Provable Sample Complexity Guarantees for Learning of Continuous-Action Graphical Games with Nonparametric Utilities

Game theory has been extensively used as a framework to model and study the strategic interactions amongst rational but selfish individual players who are trying to maximize their payoffs. Game theory has been applied in many fields including but not limited to social and political science, economics, communication, system design and computer science. In non-cooperative games each player decides its action based on the actions of others players.

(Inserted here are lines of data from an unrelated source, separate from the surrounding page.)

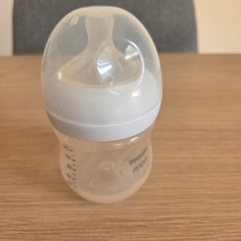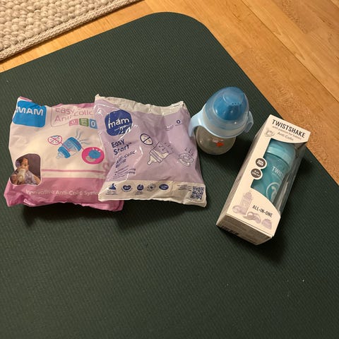 Gis bort! Baby flasker med ulike tuter og en hvit smekke fra Twistshake. Flaskene har varierende størrelser og tuttyper, egnet for babyer.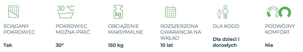 • PRODUKT MEDYCZNY KLASY 1 - materac został przebadany nie tylko pod kątem bezpieczeństwa ale także między innymi spełniania normy przeciwodleżynowe,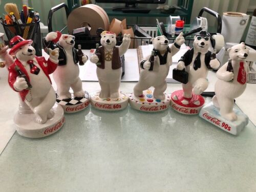 SET OF 6 COCA-COLA CERAMIC POLAR BEAR FIGURINES - 40''S, 50''S, 60''S, 70''S, 80''S,

These games are characterized by the equilibrium solution concept such as Nash equilibrium (NE) [18] which serves a descriptive role of the stable outcome of the overall behavior of self-interested players (e.g., people, companies, governments, groups or autonomous systems) interacting strategically with each other in distributed settings. Graphical games, introduced within the AI community about two decades ago, graphical games [16], are a representation of multiplayer games which capture and exploit locality or sparsity of direct influences. They are most appropriate for large-scale population games in which the payoffs of each player are determined by the actions of only a small number of other players. Indeed, graphical games played a prominent role in establishing the computational complexity of computing NE in normal-form games as well as in succinctly representable multiplayer games (see, e.g., [5, 6, 7] and the references therein). Graphical games have been studied for both discrete and continuous actions.